» **Task details**
Below are lines of data, and only some are wanted. Please repeat exactly those from the line that has "Vacant posts including" through the line that has "Добавляем к моркови".

» **Input records**

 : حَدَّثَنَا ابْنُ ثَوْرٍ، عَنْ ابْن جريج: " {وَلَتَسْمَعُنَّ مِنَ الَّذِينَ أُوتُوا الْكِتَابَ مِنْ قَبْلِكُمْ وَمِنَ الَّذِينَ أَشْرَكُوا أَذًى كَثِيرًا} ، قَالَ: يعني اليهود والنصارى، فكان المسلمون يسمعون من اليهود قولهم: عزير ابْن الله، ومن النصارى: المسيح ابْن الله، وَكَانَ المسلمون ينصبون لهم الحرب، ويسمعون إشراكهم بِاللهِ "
---
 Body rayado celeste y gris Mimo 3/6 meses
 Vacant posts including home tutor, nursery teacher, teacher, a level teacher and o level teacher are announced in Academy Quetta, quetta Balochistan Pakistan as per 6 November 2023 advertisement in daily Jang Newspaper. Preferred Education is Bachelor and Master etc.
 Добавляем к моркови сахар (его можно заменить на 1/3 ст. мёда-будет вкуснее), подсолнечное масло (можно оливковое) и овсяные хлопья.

» **Response area**
 Vacant posts including home tutor, nursery teacher, teacher, a level teacher and o level teacher are announced in Academy Quetta, quetta Balochistan Pakistan as per 6 November 2023 advertisement in daily Jang Newspaper. Preferred Education is Bachelor and Master etc.
 Добавляем к моркови сахар (его можно заменить на 1/3 ст. мёда-будет вкуснее), подсолнечное масло (можно оливковое) и овсяные хлопья.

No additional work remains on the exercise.